India Today built an AI newsroom platform with Google. It's called Pragya, and it's live.

On May 7, 2026, India Today Group — one of India's largest media organizations — announced that its AI newsroom platform Pragya is in production, with named metrics.

Developed in partnership with Google and integrated into the group's CMS, Pragya generates keywords, highlights, kickers, and draft stories. A companion journalist app lets field reporters upload text, video, audio, and documents in real time. A human editorial review layer sits on top — what Vice Chairperson Kalli Purie calls the "AI Sandwich": machine efficiency between human judgment at the start and editorial verification at the end.

The group reports a 30% reduction in publishing turnaround time, a 10% increase in content production, and a doubling of user engagement measured by pages per session.

These are self-reported figures. No independent audit. The source is a press release distributed via a tech publication. But the platform has a name, an executive owner, a named technology partner, and a date — all missing from most newsroom AI announcements.

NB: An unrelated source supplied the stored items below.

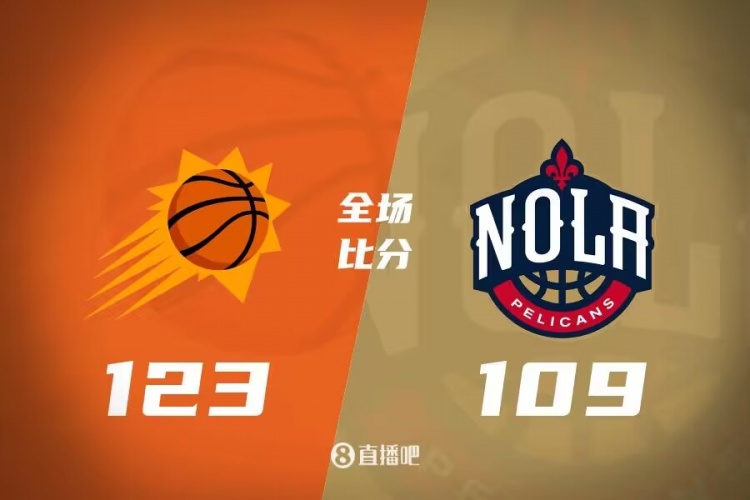 比赛开始,双方上来就展开对攻战,太阳三巨头状态火热,尤其布克里突外投迅速上双,而鹈鹕首发五虎也状态不错能给出回应,随后布克手感炸裂单节轰下25分,太阳轰出41分建立双位数领先,次节鹈鹕进攻端断电半节仅得4分,太阳顺势拉开20分以上领先,好在锡安联手瓦兰接连攻击内线止血,半场鹈鹕落后17分。下半场,双方继续对攻,布克继续保持住自己的火热手感,单节再砍20分,但麦科勒姆和英格拉姆也状态回暖回应,三节结束太阳领先20分,末节阿伦连中3记三分,太阳一波14-2直接拉开30分以上领先,随后双方逐步换上替补练兵,最终太阳123-109大胜鹈鹕,拿到4连胜。
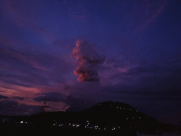 Очередное извержение вулкана Майон на Филиппинах сегодня вечером.
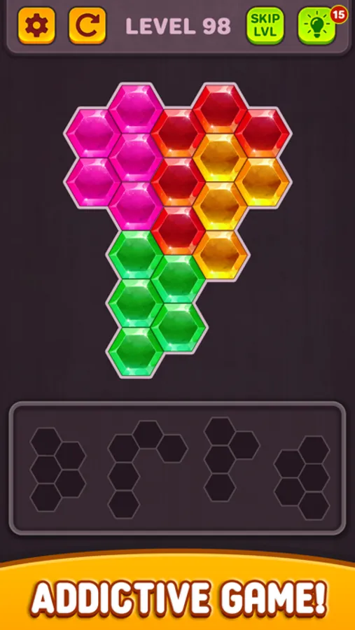 Try our new highly addictive unique hexagonal pieces puzzle game!
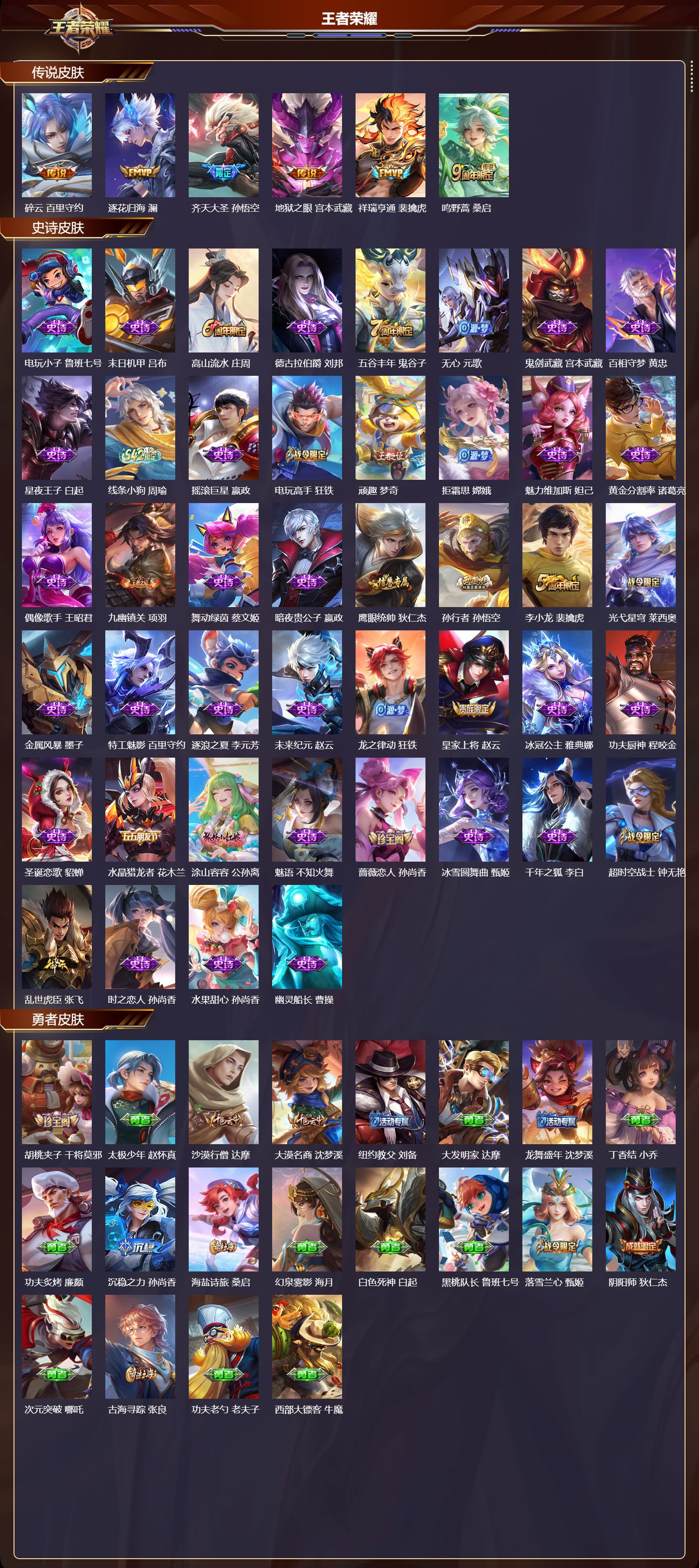 【44,史诗皮肤】电玩小子,鲁班七号,末日机甲,吕布,高山流水,庄周,德古拉伯爵,刘邦,五谷丰年,鬼谷子,无心,元歌,鬼剑武藏,宫本武藏,百相守梦,黄忠,星夜王子,白起,线条小狗,周瑜,摇滚巨星,嬴政,电玩高手,狂铁,顽趣,梦奇,拒霜思,嫦娥,魅力维加斯,妲己,黄金分割率,诸葛亮,偶像歌手,王昭君,九幽镇关,项羽,舞动绿茵,蔡文姬,暗夜贵公子,嬴政,鹰眼统帅,狄仁杰,孙行者,孙悟空,李小龙,裴擒虎,光弋星穹,莱西奥,金属风暴,墨子,特工魅影,百里守约,逐浪之夏,李元芳,未来纪元,赵云,龙之律动,狂铁,皇家上将,赵云,冰冠公主,雅典娜,功夫厨神,程咬金,圣诞恋歌,貂蝉,水晶猎龙者,花木兰,涂山容容,公孙离,魅语,不知火舞,蔷薇恋人,孙尚香,冰雪圆舞曲,甄姬,千年之狐,李白,超时空战士,钟无艳,乱世虎臣,张飞,时之恋人,孙尚香,水果甜心,孙尚香,幽灵船长,曹操,
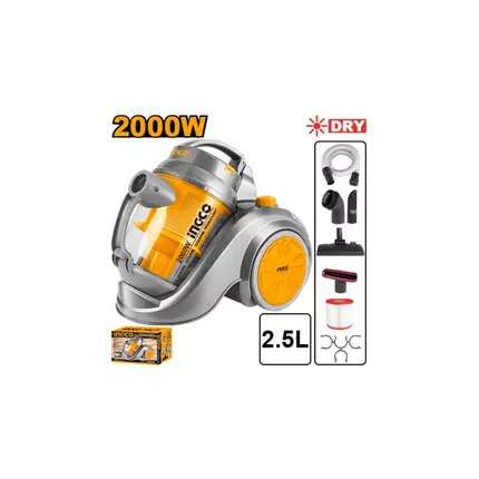 Specifications: Brand: Ingco Model: VC20258 Type: Vacuum Cleaner Voltage:220-240~50/60Hz Input power:2000W Pure copper wire motor Multiple cyclone Suction power:260~330W Spray paint treating the surface Capacity:2.5L HEPA filter Air flow:2.0~2.3 M3/min Vacuum pressure(KPa):≥20 Kpa Product size:433*283*348mm With speed control function With thermo fuse With soft start 1.5m flexible hose 79cm metal telescope tube 1 pcs plastic floor brush 1pcs crevice nozzle 1pcs small round brush 1pcs sofa(upholstery) brush Packed by color box

What's worth watching: this is a Google News Initiative partnership. GNI has funded newsroom AI projects across dozens of countries. Pragya is one of the first where a major Indian publisher has publicly attached its own brand name, operational metrics, and an executive commitment to a GNI-built platform. The funding source is also the technology provider. That doesn't invalidate the metrics — but it does define the incentive structure.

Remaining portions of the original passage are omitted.